According to the U.S. Census Bureau, the county has a total area of 533 sqmi, of which 532 sqmi is land and 0.9 sqmi (0.2%) is water. The county is located in a relatively hilly area atop the Cumberland Plateau. In the southwestern part of the county, the Clear Fork and New River converge to form the Big South Fork of the Cumberland River, a major tributary of the Cumberland River, and the focus of a national river and recreation area.

U.S. Route 27 is the county's primary north–south road. State Route 63 connects Scott County with Campbell County to the east. State Route 52 connects Scott County with the Fentress County area to the west. A portion of State Route 297 connects Oneida with the Big South Fork Recreation Area. State Route 456 is another major road in the area.

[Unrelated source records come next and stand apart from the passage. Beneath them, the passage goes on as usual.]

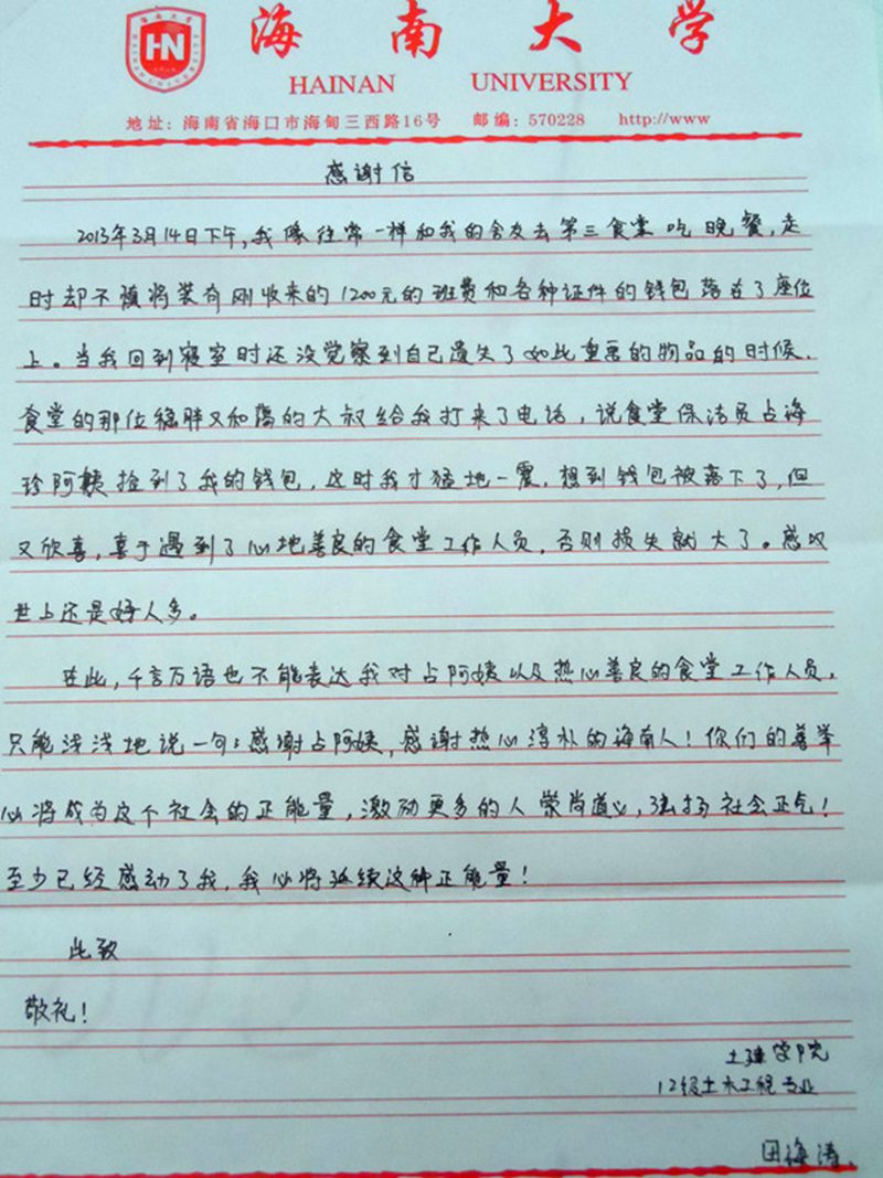 占海珍拾金不昧的精神令田同学非常感动,他没想到一个食堂服务员在捡到上千元现金时第一反应竟然不是占为己有,而是赶紧联系失主,在当今社会这样的人已经很少见了,这让他非常感动,他在临走时还称要写感谢信来夸奖第三食堂员工拾金不昧的好精神。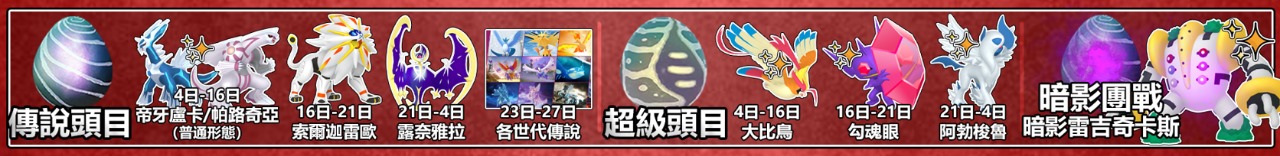 4日和11日皆是普通形態的帝牙盧卡和帕路奇亞,18日輪到索爾迦雷歐,25日才是露奈雅拉,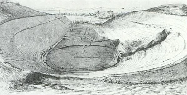 Согласно более позднему греческому путешественнику Павсанию, который писал в 175 году нашей эры, единственным соревнованием, проводившимся поначалу, был стадион или забег на дистанцию около 190 метров, но потом к нему присоединились гонки на колесницах, борьба и пентатлон. Слово стадион происходит от этого вида соревнования.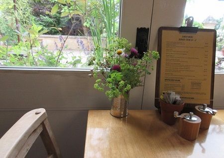 ▲カフェのテーブルの上の花が自然な感じで素敵。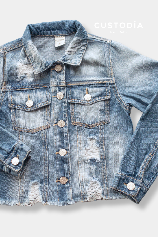 Una chaqueta siempre será un infaltable en el closet de nuestras niñas, y esta hermosa chaqueta con proceso y desgaste hace que sus looks se vean geniales.

Scott County, a part of the Cumberland Plateau, includes the majority of the Big South Fork National River and Recreation Area.

Scott County is in the Eastern Time Zone, but Fentress and Pickett counties that border Scott on the west observe Central Time.

===Adjacent counties===
- McCreary County, Kentucky (north)
- Campbell County (east)
- Anderson County (southeast)
- Morgan County (southwest)
- Fentress County (west)
- Pickett County (northwest)
- Wayne County, Kentucky (northwest)

===National protected area===
- Big South Fork National River and Recreation Area (part)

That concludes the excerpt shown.